Tienen nombres como Zsuzsa Bánk, Sherko Fatah, SAID, Emine Sevgi Özdamar, Yoko Tawada, Ilija Trojanow o José F.A. Oliver; nacieron en Estambul, Tokio, Budapest, Teherán , Sofía o tal vez en Berlín o en la Selva Negra pero en sus venas corre sangre kurda, española, turca, persa, húngara… y si algo los reúne es el idioma que han elegido para ejercer su literatura: escriben en alemán aunque son hijos de otras lenguas y culturas. Desde hace por lo menos dos décadas han aparecido en el horizonte de la literatura alemana autores de diversos orígenes, y mientras la academia se quema las pestañas para definirlos a partir de la llamada literatura “nacional”, ellos fabulan con una vitalidad y frescura poco comunes en estas tierras. ¿Cómo catalogar lo que escriben? ¿Literatura de inmigrantes? ¿Intercultural? ¿Multicultural…? En 1985 se creó un premio para galardonarlos. Me refiero al Adelbert von Chamisso, que la Fundación Bosch otorga desde entonces a escritores alemanes que provienen de otras lenguas, y ello en homenaje al naturalista y poeta galo (París, 1781) que vivió en Berlín, donde murió en 1838, y aunque el francés era su lengua materna, escribió la mayor parte de su obra en alemán.
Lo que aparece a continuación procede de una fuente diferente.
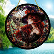 Skull Witch Suncatcher Gothic Acrylic Round Sign Halloween Home Decor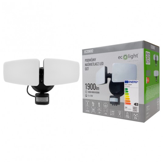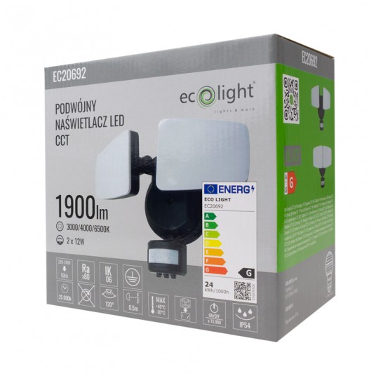 Dzięki podwójnemu źródłu światła o mocy 2x12W i strumieniu świetlnym 2x950 lumenów, zapewnia on jasne i skuteczne oświetlenie przestrzeni wokół domu, ogrodu, garażu czy podjazdu. Zintegrowany czujnik ruchu PIR automatycznie włącza światło, gdy wykryje ruch, co podnosi poziom bezpieczeństwa i oszczędza energię elektryczną.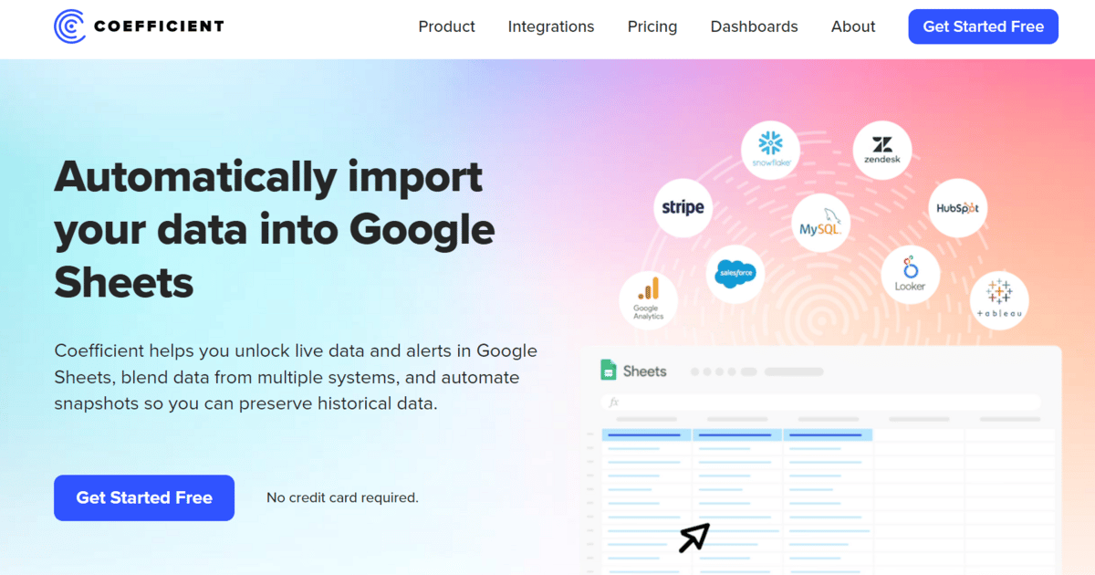 Coefficient is a no-code solution that allows business teams to work with real-time data directly from their spreadsheets. Users can sync Google Sheets to company systems such as Salesforce, Hubspot, Google Analytics, Looker, MySQL, Redshift, Slack and more.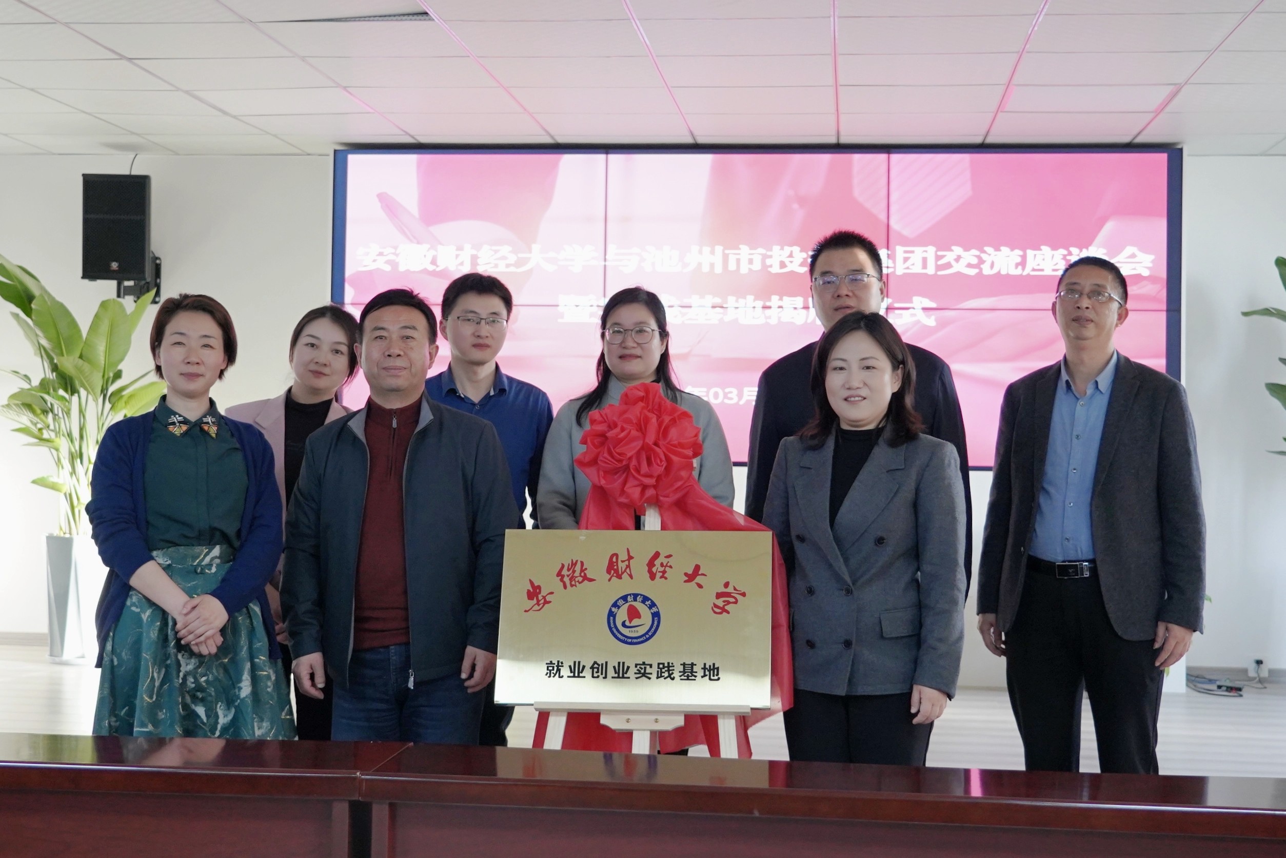 安財校黨委常委、副校長趙曉明,池州市人社局黨組成員、市人事考試指導中心主任章和平與集團黨委副書記、工會主席嚴艷共同為“安徽財經(jīng)大學就業(yè)創(chuàng)業(yè)實踐基地”揭牌。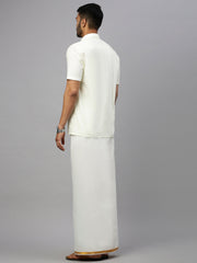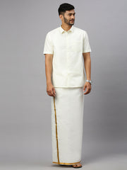 Men 100% Cotton Double Layer Cream Dhoti with 1"Gold Jari Border Arputha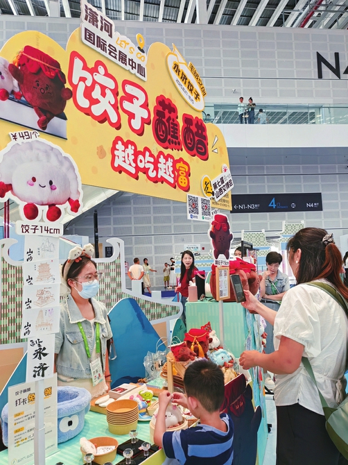 胖乎乎的餃子、圓墩墩的醋缸,摸一摸,毛絨絨的,手感柔順細滑。8月24日,第七屆山西文博會現(xiàn)場,位于山西瀟河國際會展中心N4館的文創(chuàng)山西展區(qū),永濟市晉韻原創(chuàng)文創(chuàng)工作室獨特而醒目的門頭——“餃子蘸醋 越吃越富”,吸引了眾多參觀者的目光。該工作室展出的餃子蘸醋系列毛絨文創(chuàng)產(chǎn)品,也受到參觀者的關注和喜愛。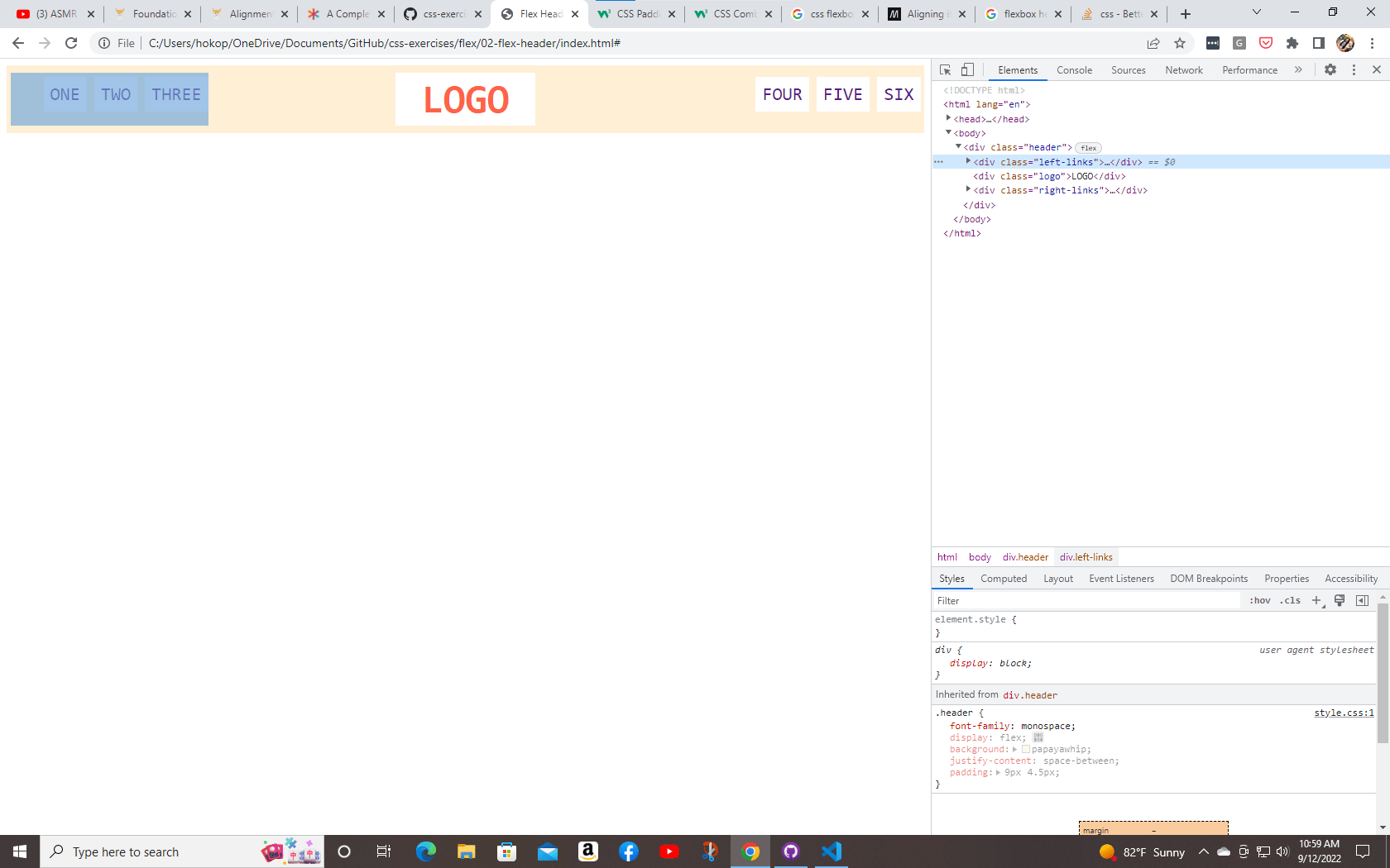 - There is space between all items and the edge of the header (specific px amount doesn’t matter here).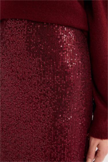 A Kesim Normal Bel Payetli Kumaş Maxi Etek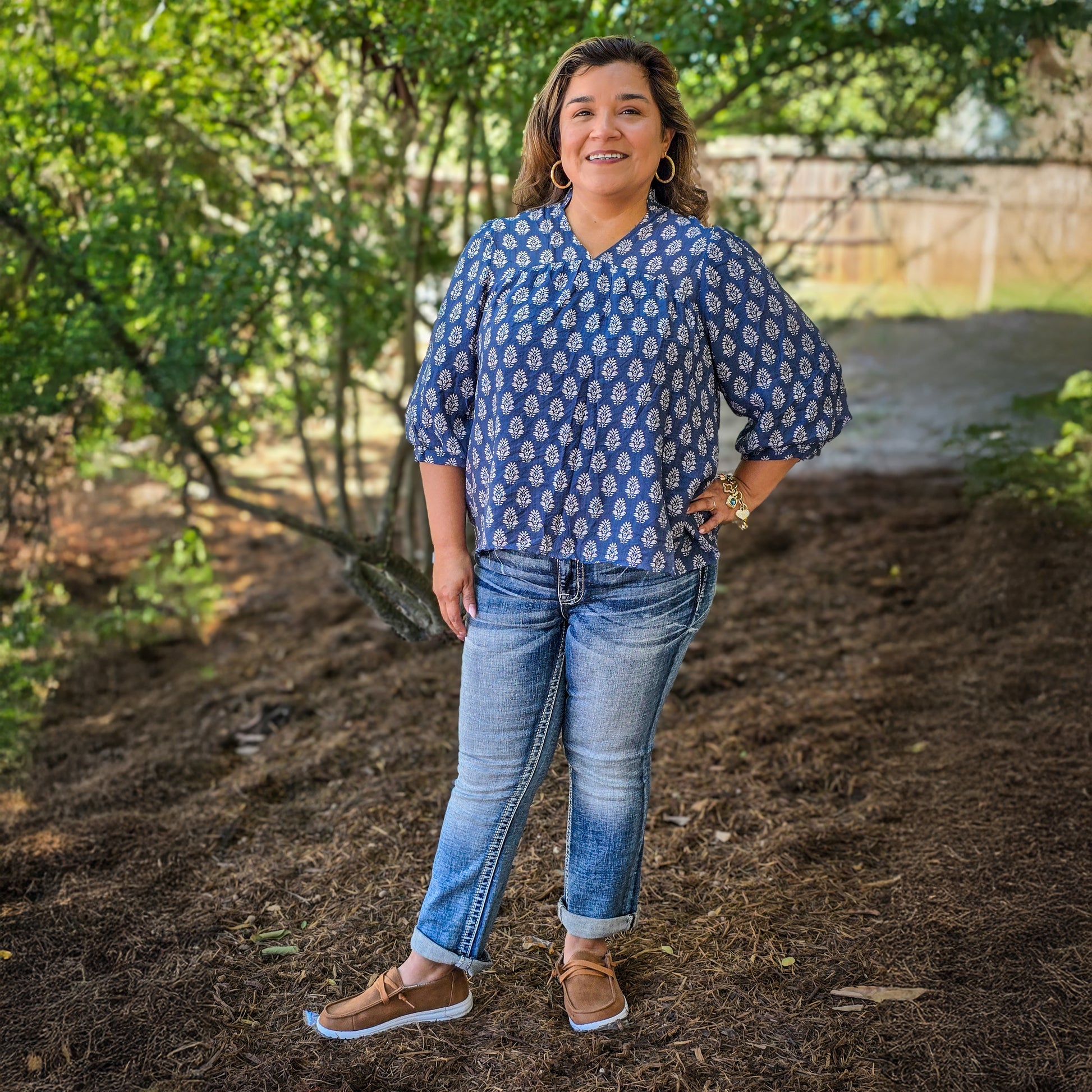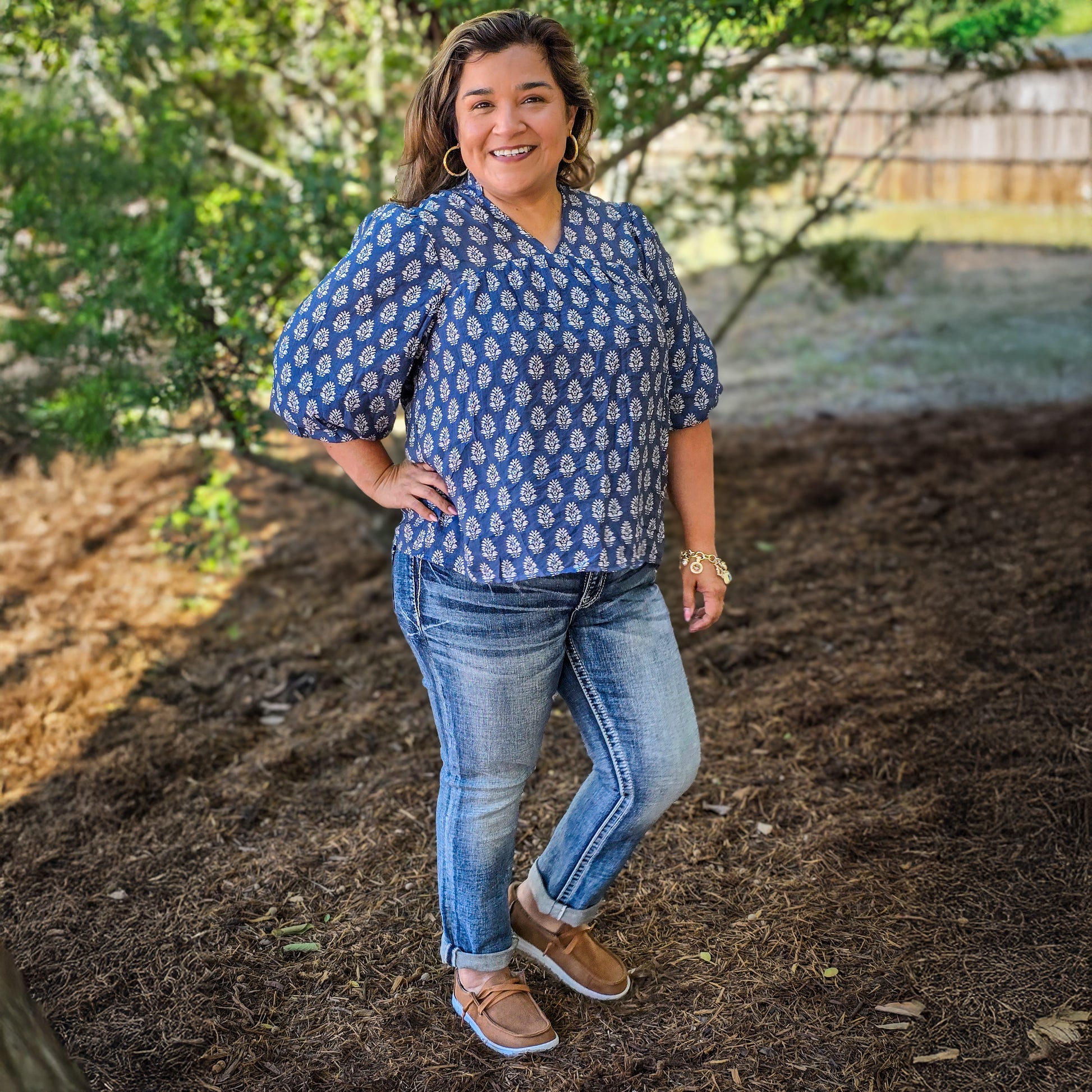 Effortlessly chic and perfect for everyday wear, this Blue Puff Sleeve Print Top is all about comfort and charm. The soft blue background with a delicate white print gives it a timeless, easygoing look, while the puff sleeves add a fun, feminine touch.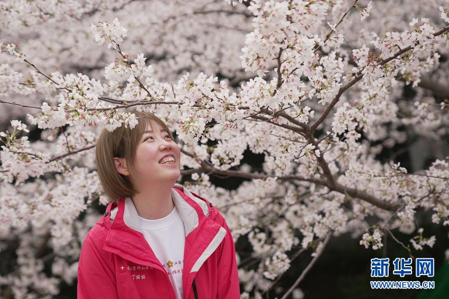 3月13日,武漢雷神山醫院醫護人員在櫻花樹下賞花。新華社記者 熊琦 攝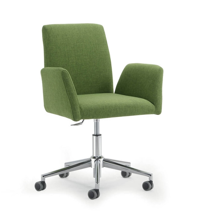 Chaise rembourrée avec base en métal avec roues en caoutchouc et dossier incurvé. Il est équipé d'un mécanisme d'inclinaison. Disponible en différentes couleurs. Chaise confortable et légère pour la maison et le bureau, fabriquée en Italie.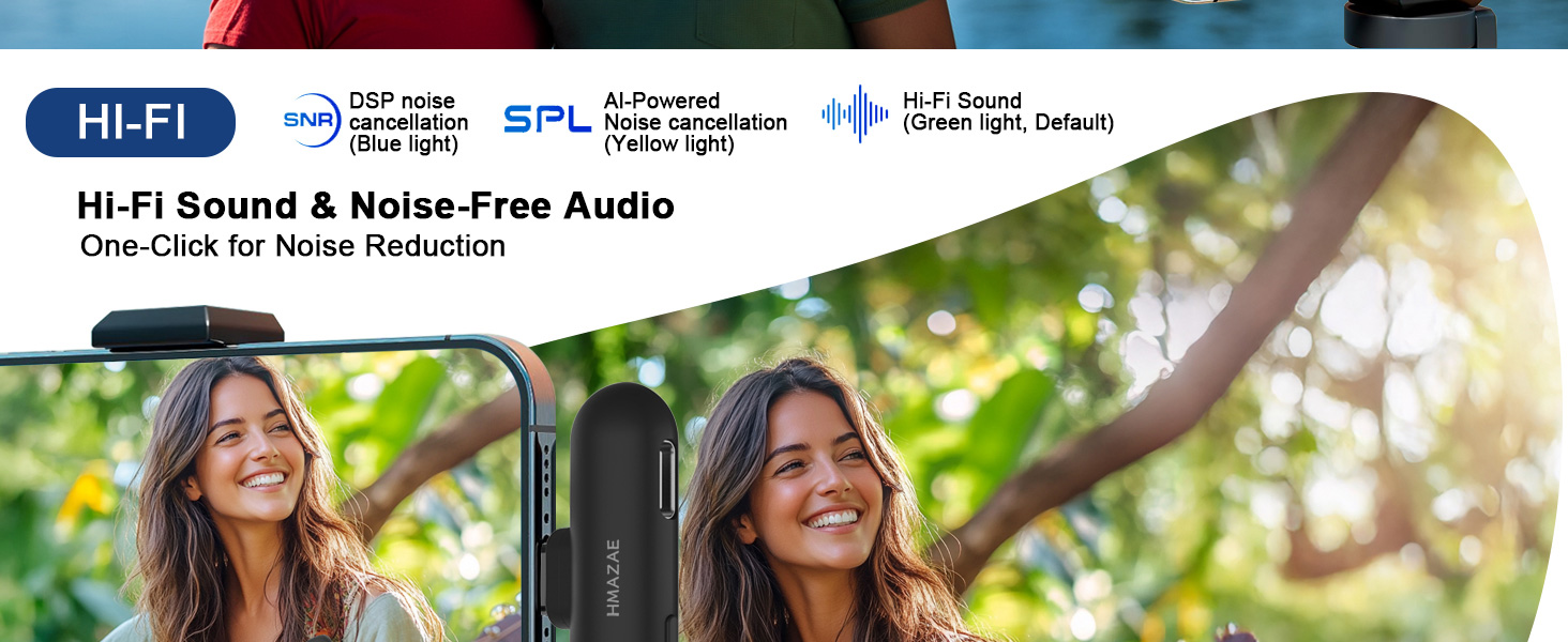 ميكروفون لاسلكي مع خاصية تقليل الضوضاء بالذكاء الاصطناعي: مزود بتقنية تقليل الضوضاء بالذكاء الاصطناعي ثلاثية الأوضاع، يضمن هذا الميكروفون اللاسلكي التقاط صوت واضح للغاية حتى في البيئات الصاخبة. مثالية للمقابلات أو الفصول الدراسية عبر الإنترنت أو جلسات التصوير الخارجية، فهي تقضي على ضوضاء الخلفية للحصول على صوت لا تشوبه شائبة

“Hace años dije que la literatura de los países centrales europeos iba a ser transformada desde la periferia. Desde la inmigración…” me comentó Juan Goytisolo durante una de sus visitas a Berlín. “Los hechos me dieron la razón: el idioma francés ya está mediatizado por la literatura de los inmigrantes de origen árabe, y en Alemania se está consolidando la literatura de los turcos de la segunda generación…” .
En efecto, el mismo fenómeno que en Francia cobró cuerpo en los ochenta cuando los descendientes de las ex colonias, además de jugar bien al fútbol (gloria, oh, Zidane), comenzaron a escribir y publicar en francés, se está reconociendo ahora en Alemania. En la última Feria del libro de Leipzig, en marzo pasado, la novela Der Weltensammler –El coleccionista de mundos– de Ilija Trojanow, escritor nacido en Bulgaria y que vive en Berlín, fue elegida como la mejor novela alemana.
“Estamos cada vez más cerca, pero sólo cuando algún escritor nacido fuera de Alemania o hijo de padres no alemanes reciba el Premio George Buechner [la distinción literaria más importante en lengua alemana, que se otorga desde 1951] pues entonces habremos entrado definitivamente al canon”, asegura José F.A. Oliver. Nacido en la Selva Negra en 1961 e hijo de trabajadores andaluces, Oliver ha sido catalogado por la crítica como uno de los mejores poetas alemanes de estos tiempos. Con una docena de poemarios publicados y autor de la prestigiosa editorial Suhrkamp, este trovador moderno transformó la lírica alemana contemporánea, recuperó la estética de la lengua popular al traducir sus libros al dialecto –allemanis– de la Selva Negra donde nació y vive, inventa palabras, escribe todos los nombres en minúscula, como ya lo habían hecho los concretistas, y su poesía se canta y se baila. “Dos mundos viven en mí” sintetiza el poeta. “Escribir en alemán sin ser alemán, ése es el tema. Me toca resistir […] porque en mis versos y en mis sentimientos yo soy judío, turco, gitano y cholo”.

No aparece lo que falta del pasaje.